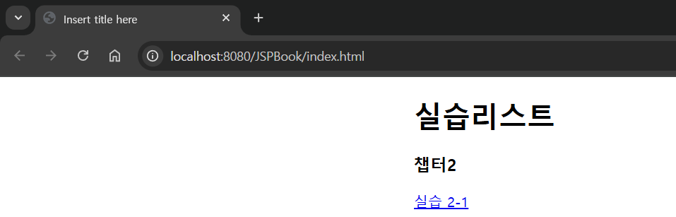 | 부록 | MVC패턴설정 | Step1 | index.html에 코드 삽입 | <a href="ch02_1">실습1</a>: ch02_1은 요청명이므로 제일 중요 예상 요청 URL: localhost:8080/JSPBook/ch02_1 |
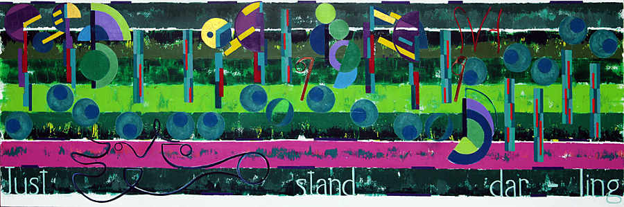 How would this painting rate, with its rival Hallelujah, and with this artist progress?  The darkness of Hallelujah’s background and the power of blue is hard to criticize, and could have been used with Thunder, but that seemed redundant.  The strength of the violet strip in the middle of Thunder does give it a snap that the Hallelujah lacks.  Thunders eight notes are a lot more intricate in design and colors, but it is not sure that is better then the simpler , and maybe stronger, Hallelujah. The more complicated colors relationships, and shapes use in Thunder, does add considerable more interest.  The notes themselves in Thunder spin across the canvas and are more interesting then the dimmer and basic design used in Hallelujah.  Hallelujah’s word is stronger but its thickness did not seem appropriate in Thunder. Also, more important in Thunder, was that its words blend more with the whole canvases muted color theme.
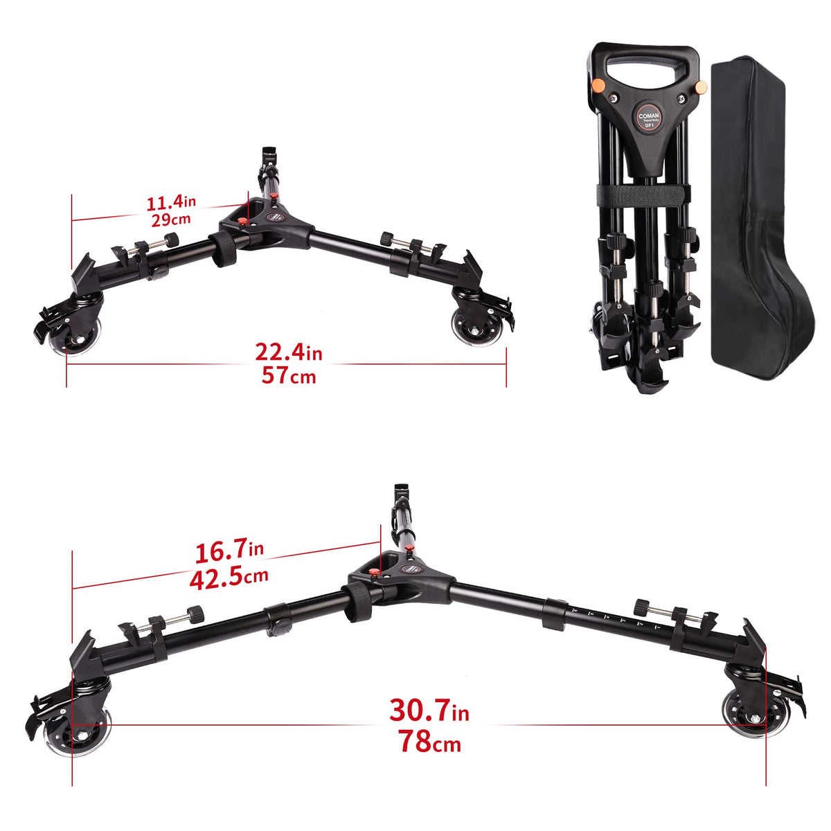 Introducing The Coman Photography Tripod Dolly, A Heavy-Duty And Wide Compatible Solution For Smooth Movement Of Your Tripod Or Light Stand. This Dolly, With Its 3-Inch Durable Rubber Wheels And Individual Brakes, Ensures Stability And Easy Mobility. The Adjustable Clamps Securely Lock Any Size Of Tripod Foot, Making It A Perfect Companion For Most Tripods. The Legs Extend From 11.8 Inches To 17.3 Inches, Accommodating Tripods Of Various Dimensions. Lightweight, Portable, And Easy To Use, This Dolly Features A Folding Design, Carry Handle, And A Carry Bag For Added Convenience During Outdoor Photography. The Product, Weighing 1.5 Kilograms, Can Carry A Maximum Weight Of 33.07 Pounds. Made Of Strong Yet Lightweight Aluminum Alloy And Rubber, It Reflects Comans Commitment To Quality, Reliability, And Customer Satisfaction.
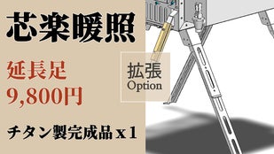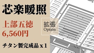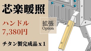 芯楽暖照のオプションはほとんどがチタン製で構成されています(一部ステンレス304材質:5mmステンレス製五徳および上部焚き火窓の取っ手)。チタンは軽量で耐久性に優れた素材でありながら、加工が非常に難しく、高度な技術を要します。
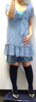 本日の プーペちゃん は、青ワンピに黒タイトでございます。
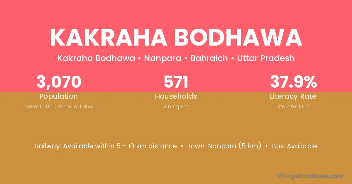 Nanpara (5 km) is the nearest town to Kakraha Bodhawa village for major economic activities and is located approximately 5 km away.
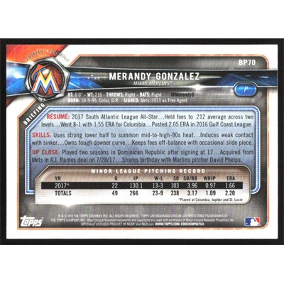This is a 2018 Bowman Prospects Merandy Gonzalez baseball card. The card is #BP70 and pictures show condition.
...
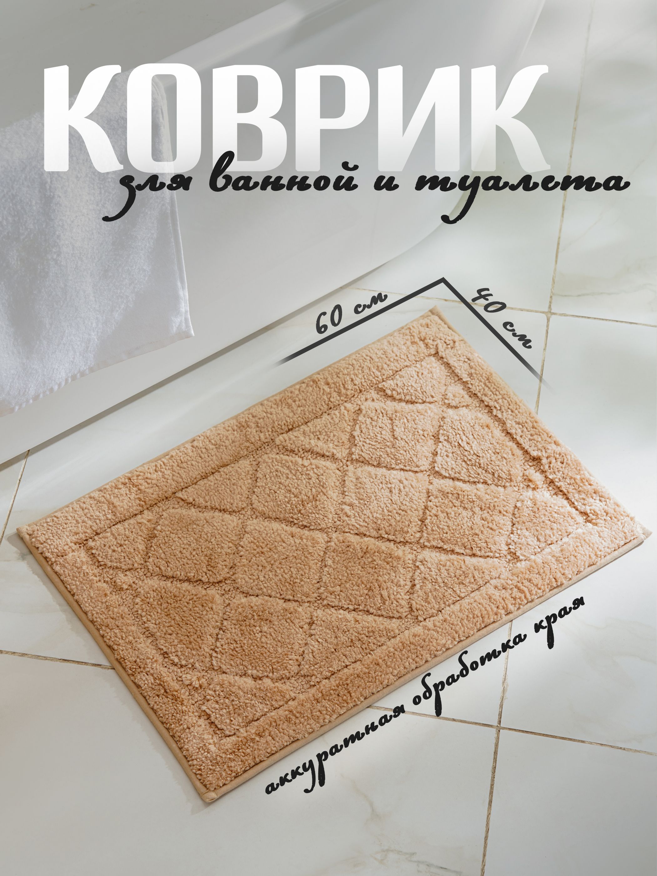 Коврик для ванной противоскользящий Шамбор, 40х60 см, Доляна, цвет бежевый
--
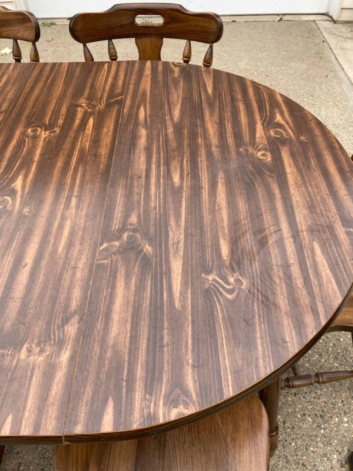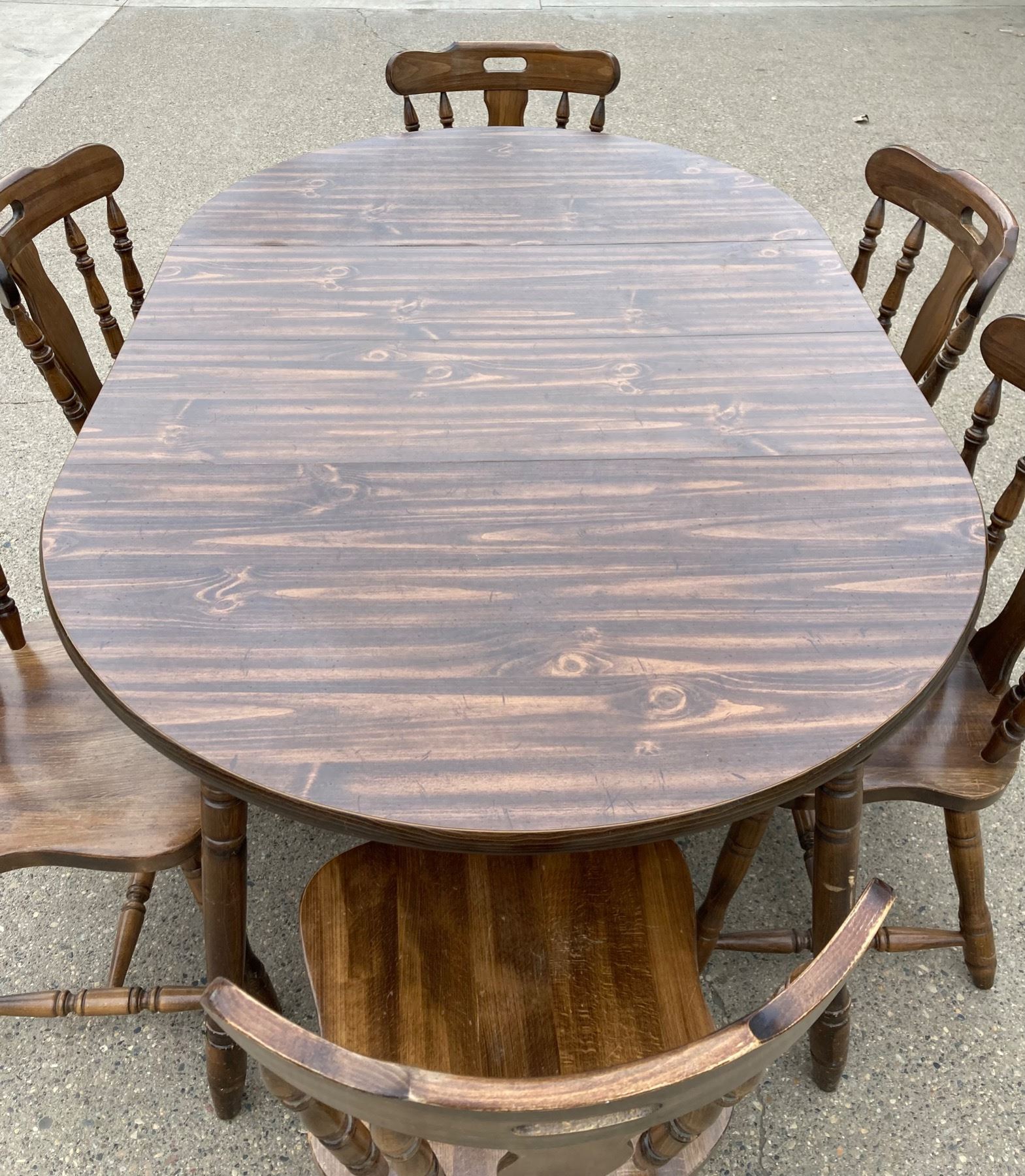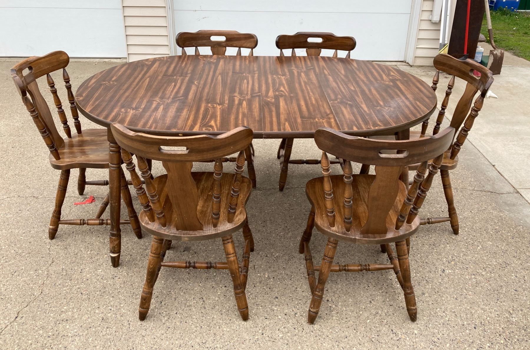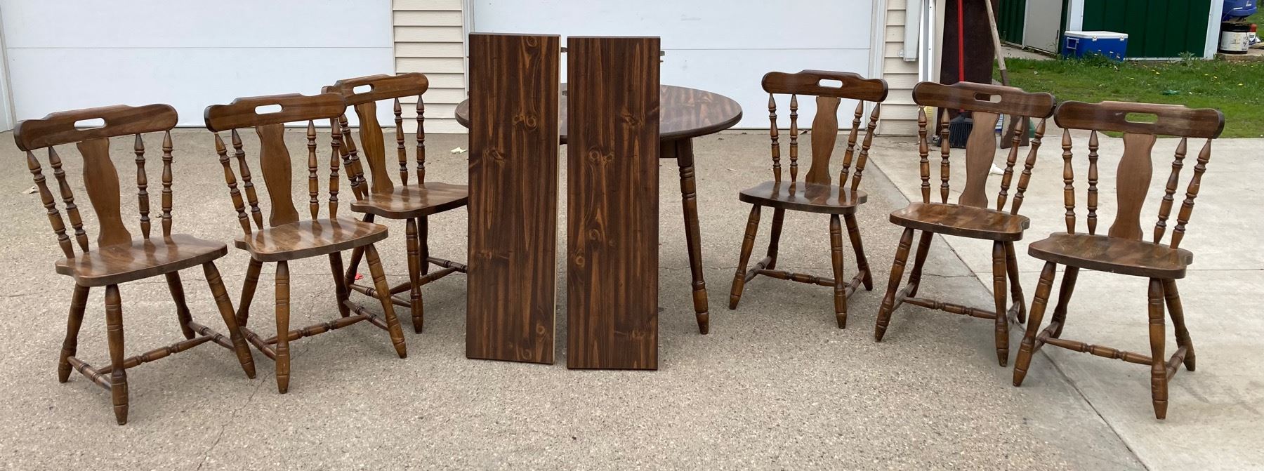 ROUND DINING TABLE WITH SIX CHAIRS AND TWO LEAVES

▶ [Problem description]: Transcribe, from the material above, the stretch starting at the line with "URL: localhost:8080/JSPBook/ch02_1 |" and ending at the line with "本日の プーペちゃん は、青ワンピに黒タイトでございます。", both included, exactly. Do not carry over pictures.

▶ [Written response]:
 | 부록 | MVC패턴설정 | Step1 | index.html에 코드 삽입 | <a href="ch02_1">실습1</a>: ch02_1은 요청명이므로 제일 중요 예상 요청 URL: localhost:8080/JSPBook/ch02_1 |
 How would this painting rate, with its rival Hallelujah, and with this artist progress?  The darkness of Hallelujah’s background and the power of blue is hard to criticize, and could have been used with Thunder, but that seemed redundant.  The strength of the violet strip in the middle of Thunder does give it a snap that the Hallelujah lacks.  Thunders eight notes are a lot more intricate in design and colors, but it is not sure that is better then the simpler , and maybe stronger, Hallelujah. The more complicated colors relationships, and shapes use in Thunder, does add considerable more interest.  The notes themselves in Thunder spin across the canvas and are more interesting then the dimmer and basic design used in Hallelujah.  Hallelujah’s word is stronger but its thickness did not seem appropriate in Thunder. Also, more important in Thunder, was that its words blend more with the whole canvases muted color theme.
 Introducing The Coman Photography Tripod Dolly, A Heavy-Duty And Wide Compatible Solution For Smooth Movement Of Your Tripod Or Light Stand. This Dolly, With Its 3-Inch Durable Rubber Wheels And Individual Brakes, Ensures Stability And Easy Mobility. The Adjustable Clamps Securely Lock Any Size Of Tripod Foot, Making It A Perfect Companion For Most Tripods. The Legs Extend From 11.8 Inches To 17.3 Inches, Accommodating Tripods Of Various Dimensions. Lightweight, Portable, And Easy To Use, This Dolly Features A Folding Design, Carry Handle, And A Carry Bag For Added Convenience During Outdoor Photography. The Product, Weighing 1.5 Kilograms, Can Carry A Maximum Weight Of 33.07 Pounds. Made Of Strong Yet Lightweight Aluminum Alloy And Rubber, It Reflects Comans Commitment To Quality, Reliability, And Customer Satisfaction.
 芯楽暖照のオプションはほとんどがチタン製で構成されています(一部ステンレス304材質:5mmステンレス製五徳および上部焚き火窓の取っ手)。チタンは軽量で耐久性に優れた素材でありながら、加工が非常に難しく、高度な技術を要します。
 本日の プーペちゃん は、青ワンピに黒タイトでございます。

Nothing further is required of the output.